Los celos no son buenos consejeros, y la diosa decidió demostrar al resto de mortales e inmortales, que ese amor no era tan sólido como parecía. Seductora, se presentó bella e incitadora ante el Sol, que por aquél entonces, era
solo un joven más.
Afrodita no estaba preparada para la respuesta del Sol, que confirmó a la diosa que era la mujer más bella y dulce que jamás había visto, pero que su corazón
pertenecía a su amada Luna, su amada mujer.

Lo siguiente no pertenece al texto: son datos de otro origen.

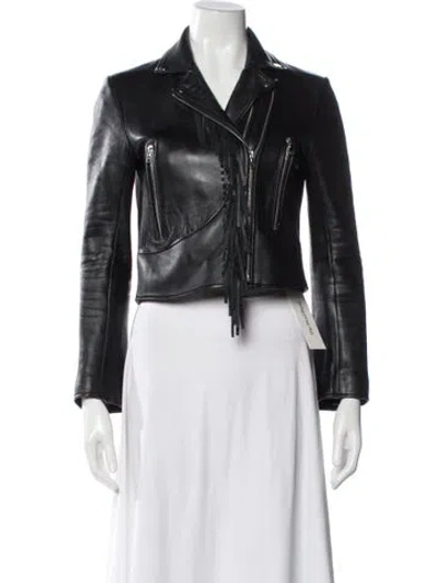 Sandro Leather Biker Jacket Black Pointed Collar Zip Pockets & Zip Closure Designer size 2. Designer Fit: Jackets by Sandro typically fit true to size. | Sandro Leather Biker Jacket in Black, Women's M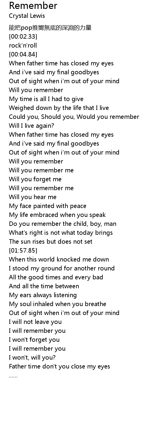 | [00:55.67] | Will you remember me |

La diosa enfureció, pues no había conseguido más que
comprobar que, en efecto, el amor entre el Sol y la Luna superaba todos
los obstáculos y era fuerte y hermoso. Un amor que superaba incluso al de
los dioses. Enfadada, mandó separarlos para siempre.
El hombre solo podría
salir de día y la mujer de noche. De esa forma no podrían coincidir y se
consumiría la llama del amor. Pero ese bendito amor no se terminó y ello
conmovió a Zeus, que al no poder contradecir la orden dada por Afrodita,
decidió hacer algunos cambios. Les dio la oportunidad de ver sus rostros, aunque solo fuesen instantes.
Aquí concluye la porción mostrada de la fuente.